TASK: Leaving pictures aside, restate exactly the lines of the data below, from the first one through the line that contains "Back print oversized".

(DATA PROVIDED)

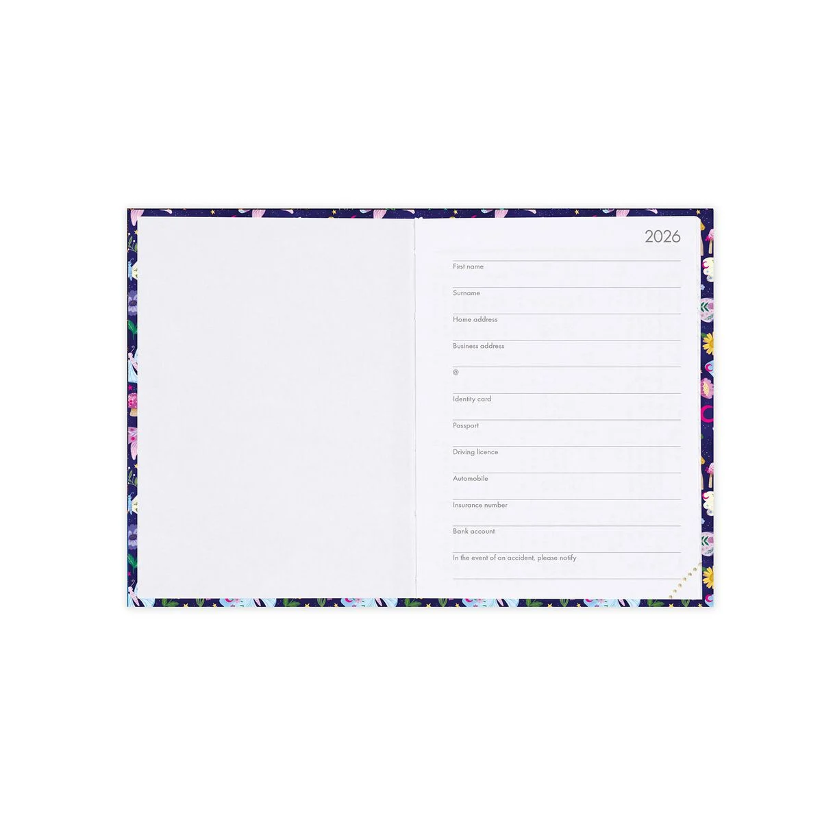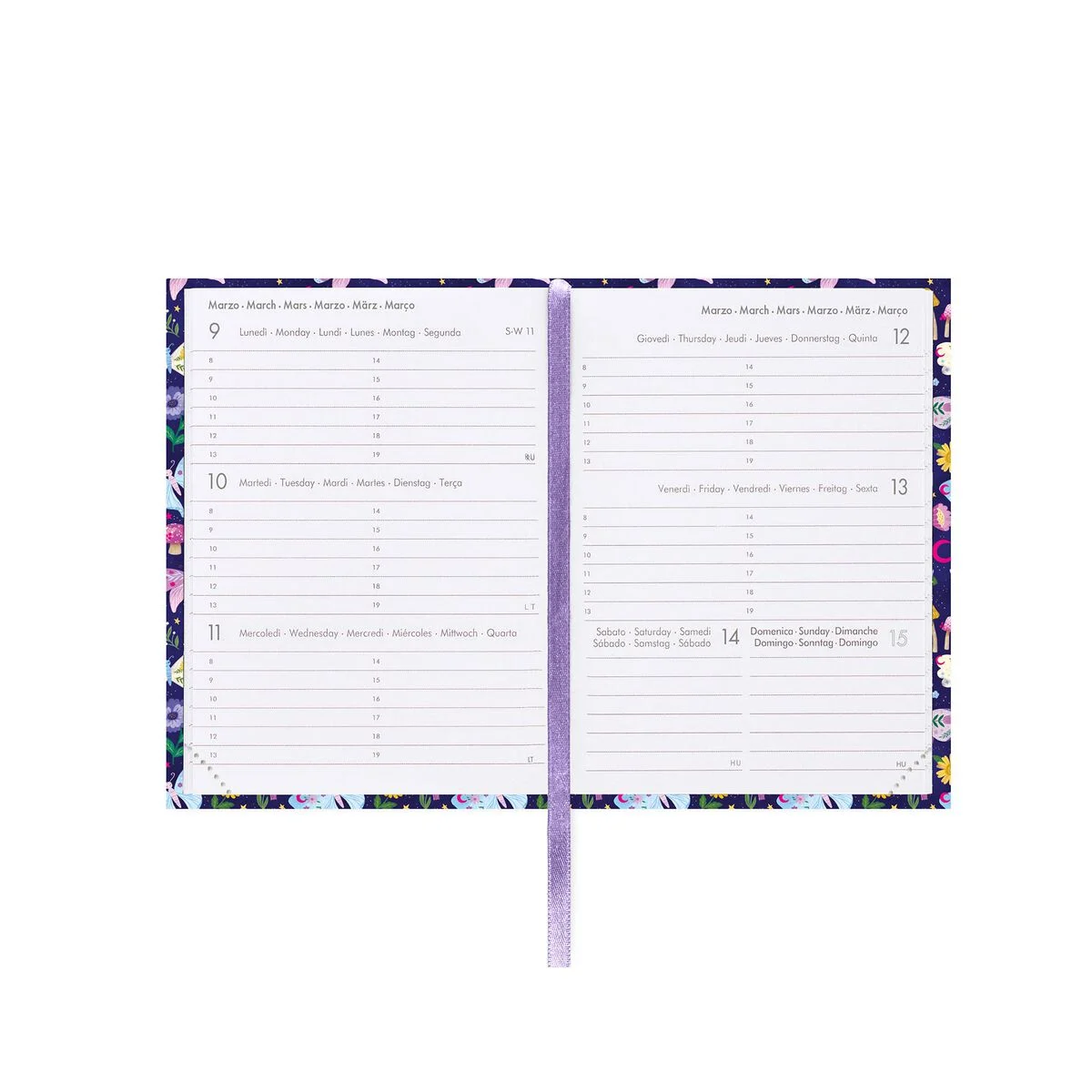 128 páginas, papel branco, cantos perfurados 6 idiomas (IT, EN, FR, ES, DE, PT) Planejador para férias e feriados internacionais Planejador mensal para janeiro de 2027 A rubrica Medidas: 8 x 11 cm Papel certificado FSC (FSC-C154586): proveniente de florestas bem geridas, florestas certificadas pelo FSC e outras fontes controladas
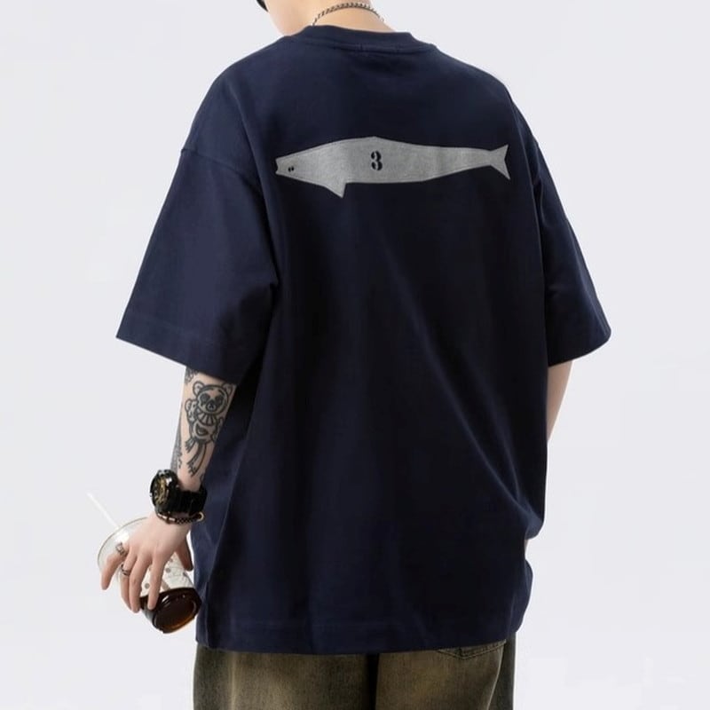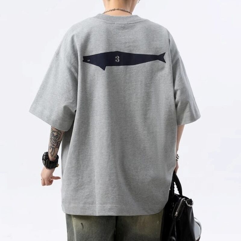 Back print oversized box silhouette short sleeve T-shirt ◇2color H0745
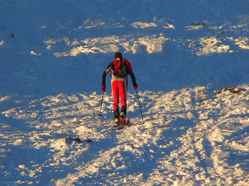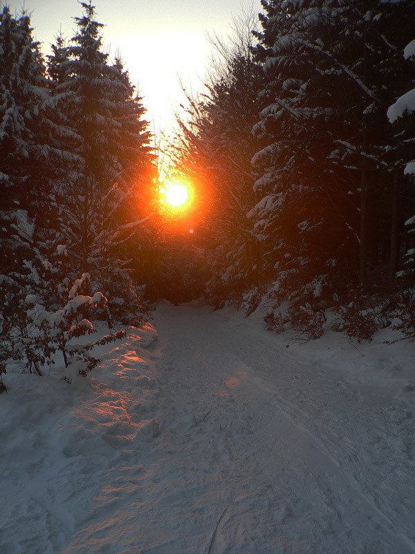 Klesajúce slnko pridáva odtiene červenej - je to síce pekné, ale treba frčať dolu Generálom. Ten je už v pohode lyžovateľný aj šliapateľný, ani bez lyží sa neprepadávam do čučoriedia. Len široká stopa a nahusto porozhadzované nepríjemné ľadové hrče ukazujú, že sa tadeto nedávno prehnal ratrak. Slnko zapadá, stmieva sa a dolu v lese to iskrí ako na Silvestra – niekoľko šialencov si dokazuje, že aj po kameňoch sa dá na lyžiach, hmmm. Na odbočke na skratku si našťastie dajú povedať a na Zajacovú idú po ceste. Ale aj tam sa za nimi trochu iskrí :-)

(End DATA PROVIDED)

SOLUTION FOR THIS PROBLEM:
 128 páginas, papel branco, cantos perfurados 6 idiomas (IT, EN, FR, ES, DE, PT) Planejador para férias e feriados internacionais Planejador mensal para janeiro de 2027 A rubrica Medidas: 8 x 11 cm Papel certificado FSC (FSC-C154586): proveniente de florestas bem geridas, florestas certificadas pelo FSC e outras fontes controladas
 Back print oversized box silhouette short sleeve T-shirt ◇2color H0745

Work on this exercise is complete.